In the past, most retailers didn’t know their customers very well. Despite having regular customers, retailers focused on their products, supply chain, and getting items on the shelf. The hope was that by piling products high, people would buy them, without knowing their customers' exact needs.
Today, customer behavior analytics let retailers learn more about who’s shopping in their store and online. Personalization and a customer-centric outlook have become key to retail success, and 80% of companies have seen an uplift in sales after implementing personalization. For retailers, technology such as loyalty card schemes and payment tokens have made ‘knowing your customer’ possible.
Previously, medium or large retailers couldn’t achieve the level of customer personalization of small, individual stores.
Take your local farmer’s shop, for example. The shop owner can build a relationship with his regular customers, understand the average basket contents and size, and tailor the shopping experience to retain their patronage. These customers are more likely to return to the store.
Now, retailers with hundreds of stores can unlock this need to use their data and analyze customer behavior at scale to unlock the power of this personalization.
When you know what customers like, don’t like, and what they might like – you can target your marketing to them. This could be by providing relevant emails, coupon at till, or adjusting your marketing campaigns to be suitable for them.
When you tailor the customer experience to relevant products, it improves the buyer-seller relationship. Customers feel like you know them, which is proven to increase loyalty and spending. And shoppers feel rewarded for shopping at your store.
John Smith visits a retailer for the first time. He pays with cash. He hasn’t swiped a loyalty card. The only thing the retailer learns is what products he bought, his basket size, and transaction information (such as location or time.)
Customer behavior analytics can segment baskets, recognize what products John purchased, and understand how they are relevant. For example, if John purchased flour, butter, eggs, and sugar, you could provide a coupon at till for products from the baking category. This is beneficial because it’s more likely to be relevant to John’s buying behavior. This is better than no marketing at all or giving the same offer to every customer.
John Smith visits a retailer for the first time. He’s an unknown customer because he’s not engaged in a loyalty program. He pays with a debit card or credit card. The retailer can still learn more about John by using a payment token.
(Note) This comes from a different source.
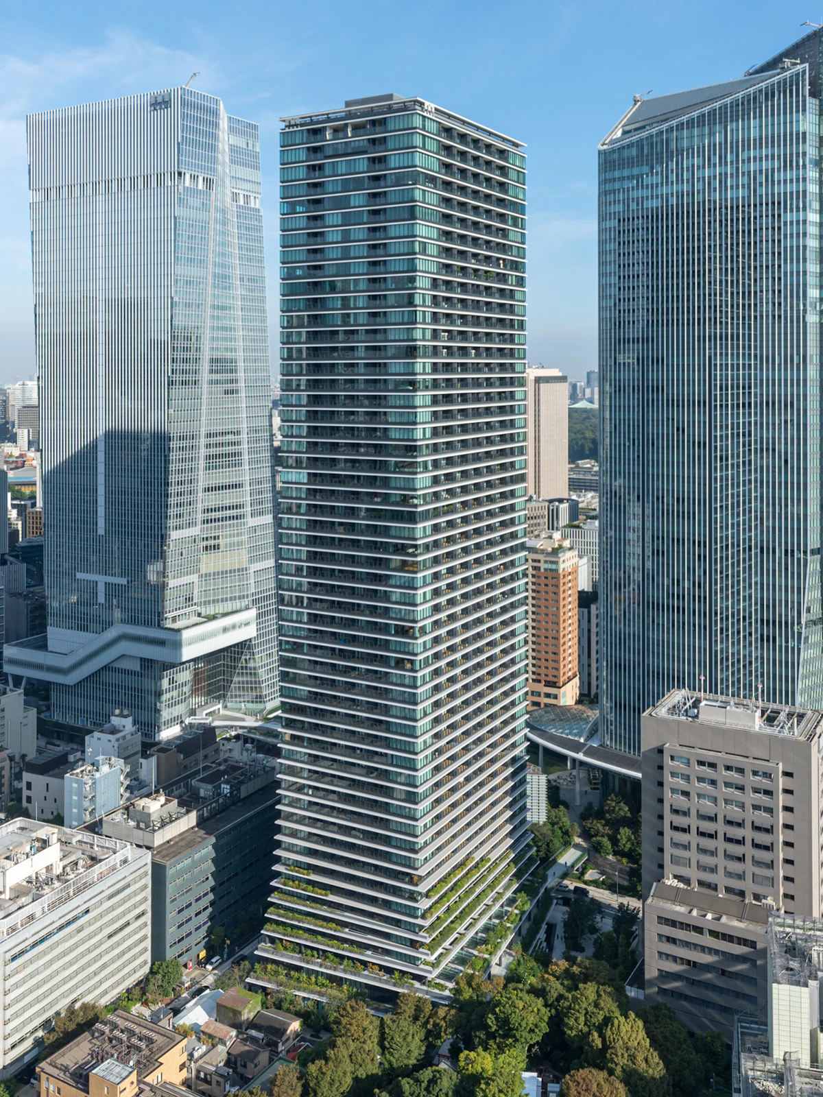 The exterior was designed to blend harmoniously with the existing Toranomon Hills Mori Tower and Toranomon Hills Business Tower as well as with the pedestrian deck and extensive greenery in adjacent Atagoyama, making it a landmark worthy of an international hub representing Tokyo. It creates a space that integrates Japanese aesthetics, which emphasizes harmony with others and nature, and international lifestyles.

A payment token recognizes the card used by a customer in a transaction. Many shoppers will use the same card each time they visit a store, leaving a trail of data. As this is John’s first time visiting the store, the payment token is a proxy payment token. It can be used to provide marketing, such as coupon at till, that is as relevant as possible to John based on the basket he purchased today.
Retail loyalty card engagement has become tougher in recent years. Payment tokens have offset this loss by letting retailers analyze visits to their stores without the costs of running a loyalty scheme. This analysis is anonymized, but still lets retailers understand their performance. John isn’t identified, so cannot be contacted via personalized marketing channels. However, he is still able to receive coupons at till, which are delivered to him with his receipt (without identifying John). Importantly this follows GDPR legislation.
John Smith visits repeatedly. He is a known customer because he uses the same method of payment each time. He doesn’t sign up for a loyalty card scheme.
As John uses the same payment card each time he shops, the retailer can create a payment token and join his transactions over time, again without having the ability to identify him.
Using the token, the retailer can provide coupons at till to John (without knowing who he is), based on the contents of all of the baskets paid for by the same payment card. So, it can tailor marketing or offers to be even more relevant than they were before. For example, John purchases flour every time he visits. You can provide a coupon at till that gives him a discount on the same product next time, or a discount when he bulk buys it.
John Smith visits the same retail store for a year. A payment token has recognized him as a known customer, but last week, he signed up for a loyalty card scheme.
Customer behavior analytics can link John’s payment token data and his loyalty card data. This gives your retailer a much better picture of John, empowering you to personalize marketing communications immediately.
If he signs up to provide his email address and requests to receive his receipts electronically, then retailers can provide John with a digital receipt every time he shops. This can include content-rich emails with relevant information, for example marketing content about baking recipes. If he opts-in to receive marketing, he will receive offers in his digital receipts and ongoing marketing promotions.
The historical information from his 1:1 payment token can contribute too. For example, you could reward his spending, tailor discounts for products that he likes, or send marketing that could encourage him to increase his typical basket size. People are 40% more likely to spend more than they planned to when they identify their shopping experience as highly personalized. That’s why personalization is one of the greatest opportunities for retailers to maximize their profits.
Customer behavior analytics enable retailers to build better rapport with their customers. It can help you boost loyalty, drive more sales, and deliver more relevant offers.
However, behavior analytics can also inform operational strategies too. From what products to stock on your shelves to what promotions to run, behavior analytics can help retailers eliminate guesswork and make better decisions.